Case Report
Austin J Orthopade & Rheumatol. 2017; 4(2): 1056.
Bilateral Pseudoarthrosis of the Clavicles without Cbfa1/ Runx2 Gene Mutation: A Case Report
Thomas D¹, Sandow MJ², Evdokiou A³ and Findlay DM³*
¹Department of Medicine, University of Melbourne at St Vincent’s Hospital, Fitzroy, Australia
²Department of Orthopaedics and Trauma, Royal Adelaide Hospital, Adelaide, Australia
³Discipline of Orthopaedics and Trauma, University of Adelaide, Adelaide, Australia
*Corresponding author: David M Findlay, Discipline of Orthopaedics and Trauma, Adelaide Health and Medical Sciences Building, University of Adelaide, North Terrace, Adelaide, South Australia 5000, Australia
Received: August 18, 2017; Accepted: September 18, 2017; Published: September 25, 2017
Abstract
We have identified an individual with bilateral pseudoarthrosis of the clavicle, presumed to be congenital, with no family history of the condition, no evidence of postnatal trauma to the clavicles and no other overt skeletal abnormalities. The genetic basis of pseudoarthrosis of the clavicle has not been identified, although Cleidocranial Dysplasia (CCD), a congenital condition characterized by skeletal anomalies that include hypoplastic and/or aplastic clavicles, has been mapped to chromosome 6p21 and shown to result from mutations in the Cbfa1/ runx2 gene. We therefore investigated the possible involvement of Cbfa1/runx2 mutation by sequencing all 7 exons of the gene. No changes were found in the coding sequence of Cbfa1/runx2 in this case of pseudoarthrosis of the clavicles and the genetic basis for congenital pseudoarthrosis of the clavicles remains to be determined.

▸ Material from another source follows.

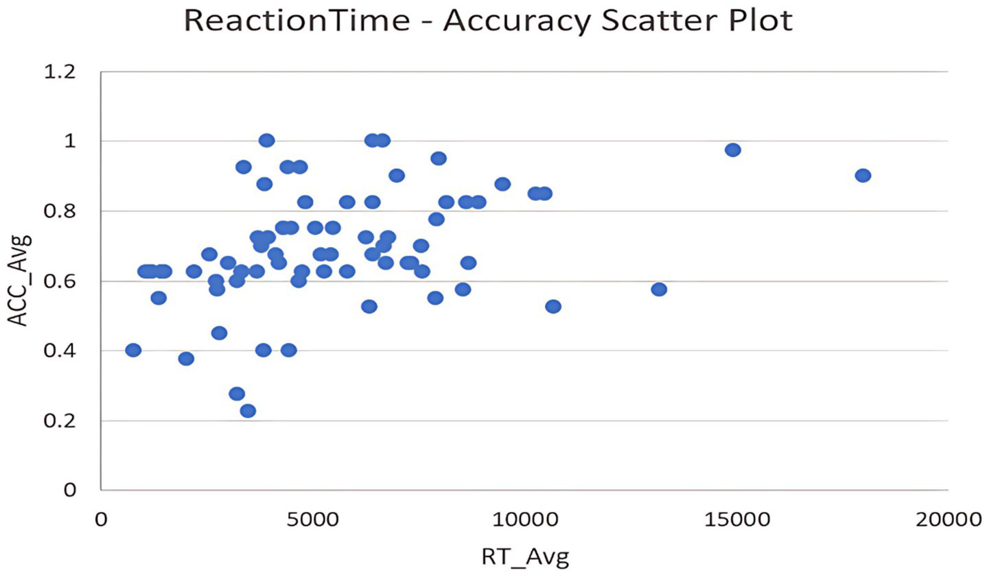 As illustrated in the scatter plot (Figure 5), the overall pattern supports the presence of a speed-accuracy tradeoff in irony comprehension: participants who took more time tended to achieve higher accuracy.

Keywords: Clavicle; Bilateral Pseudoarthrosis; Cbfa1 gene
Case Presentation
We report a case of bilateral pseudoarthrosis of the clavicles in a 21 year-old white male, who was otherwise skeletally normal and showed no adverse effects from his condition. His parents and a younger female sibling were unaffected. Since visualisation of the clavicle is suboptimal using standard radiographs, a high resolution shoulder-to-neck CT, with 0.5mm slice thickness, was performed. 3D reconstruction of the CT was performed using True Life Anatomy software (TLA Generator, Rubamas, Adelaide; www.rubamas.com) to create a surface rendered model of the upper thorax showing skin, clavicles and lungs as separate objects. Figure 1 demonstrates clearly the complete discontinuity at the midshaft of both clavicles. The overall alignment was reasonable, although there was inferior displacement of the lateral fragment with respect to the medial shaft. The appearance was symmetrical, and the clavicles were well aligned with the thorax. There was no significant tendency for medialisation of the shoulder girdle. There was no particular overriding of the clavicles, which was explained after further manipulation of the 3D images, using different image thresholds, revealed a cartilage anlage joining the ends of the clavicles together (not shown). This would explain the relatively stable position of the shoulder girdle, despite the apparent discontinuity, as distinct from the normal overriding following acute clavicular fracture.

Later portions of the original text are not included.